WellCrap1157×1163 47.5 KB

I removed all the LAN thingys from the "br-lan" and then removed all the overide MAC addresses and everything is working.... So far....

Thank you.

lol you're welcome

24 hours later and my kindle and my thermostat (which were both on the IOT network) stopped communicating with the internet. The DHCP lease time is 12 hours but at 3 AM I wasn't checking either of those devices. The kindle can connect to 3 of the networks but can't get out on the internet on any of them. I rebooted the router and it fixed things. I was toying with the router today testing firewall rules so Without changing anything else I will check again tomorrow and see what is and isn't working.

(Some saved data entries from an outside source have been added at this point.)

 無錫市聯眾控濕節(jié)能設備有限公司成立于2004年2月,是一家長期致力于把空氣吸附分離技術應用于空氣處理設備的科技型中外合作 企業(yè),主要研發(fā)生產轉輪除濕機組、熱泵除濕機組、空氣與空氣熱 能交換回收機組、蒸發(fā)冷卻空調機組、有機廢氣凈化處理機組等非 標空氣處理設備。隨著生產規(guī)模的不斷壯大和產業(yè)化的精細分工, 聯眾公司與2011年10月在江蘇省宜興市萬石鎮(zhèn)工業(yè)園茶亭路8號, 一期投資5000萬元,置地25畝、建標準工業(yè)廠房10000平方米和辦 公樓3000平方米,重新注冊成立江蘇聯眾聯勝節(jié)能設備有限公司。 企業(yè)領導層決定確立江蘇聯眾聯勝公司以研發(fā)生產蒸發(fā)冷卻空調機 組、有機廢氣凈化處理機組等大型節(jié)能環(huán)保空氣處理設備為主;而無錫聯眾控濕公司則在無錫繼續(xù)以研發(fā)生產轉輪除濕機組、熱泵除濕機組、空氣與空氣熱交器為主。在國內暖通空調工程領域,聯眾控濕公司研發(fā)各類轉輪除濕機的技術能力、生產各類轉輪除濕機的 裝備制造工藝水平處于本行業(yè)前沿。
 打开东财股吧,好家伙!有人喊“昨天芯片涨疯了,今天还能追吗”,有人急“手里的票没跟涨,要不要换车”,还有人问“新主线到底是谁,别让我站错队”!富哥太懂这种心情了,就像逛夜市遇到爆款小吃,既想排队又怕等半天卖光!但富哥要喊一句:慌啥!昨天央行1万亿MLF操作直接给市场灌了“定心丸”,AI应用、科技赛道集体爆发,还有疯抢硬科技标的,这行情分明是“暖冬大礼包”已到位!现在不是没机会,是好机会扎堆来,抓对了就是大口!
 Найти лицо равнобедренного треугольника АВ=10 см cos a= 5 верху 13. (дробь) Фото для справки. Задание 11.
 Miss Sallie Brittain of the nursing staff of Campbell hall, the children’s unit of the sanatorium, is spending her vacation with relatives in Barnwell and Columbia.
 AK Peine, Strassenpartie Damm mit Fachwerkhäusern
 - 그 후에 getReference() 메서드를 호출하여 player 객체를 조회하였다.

10:20 PM (7 hours later) the Kindle can't reach Amazon. It can and will connect to all 3 of the SSID but complains that it can't reach the internet. The thermostat, which is on the IOT network is also unreachable.

IMG_20230417_222135036_HDR~21920×1817 96.1 KB

Can you post your firewall config?

I'm going to start a new post because it has nothing to do with the topic listed above. The short version is that 2.4 will work for several hours and then it will stop connecting to the internet. My devices get an IP address and can connect but can't even browse to my media server. Whenever I made a change to OpenWRT it would restart some things and everything would start working again for a few hours and then die. This makes troubleshooting very frustrating, because you fix something and then it breaks again.
So I'm going to start a new topic.
Also This topic makes no sense anymore because once I got rid of the manual MAC addresses they were all automatically assigned new individual MAC addresses.

This topic was automatically closed 10 days after the last reply. New replies are no longer allowed.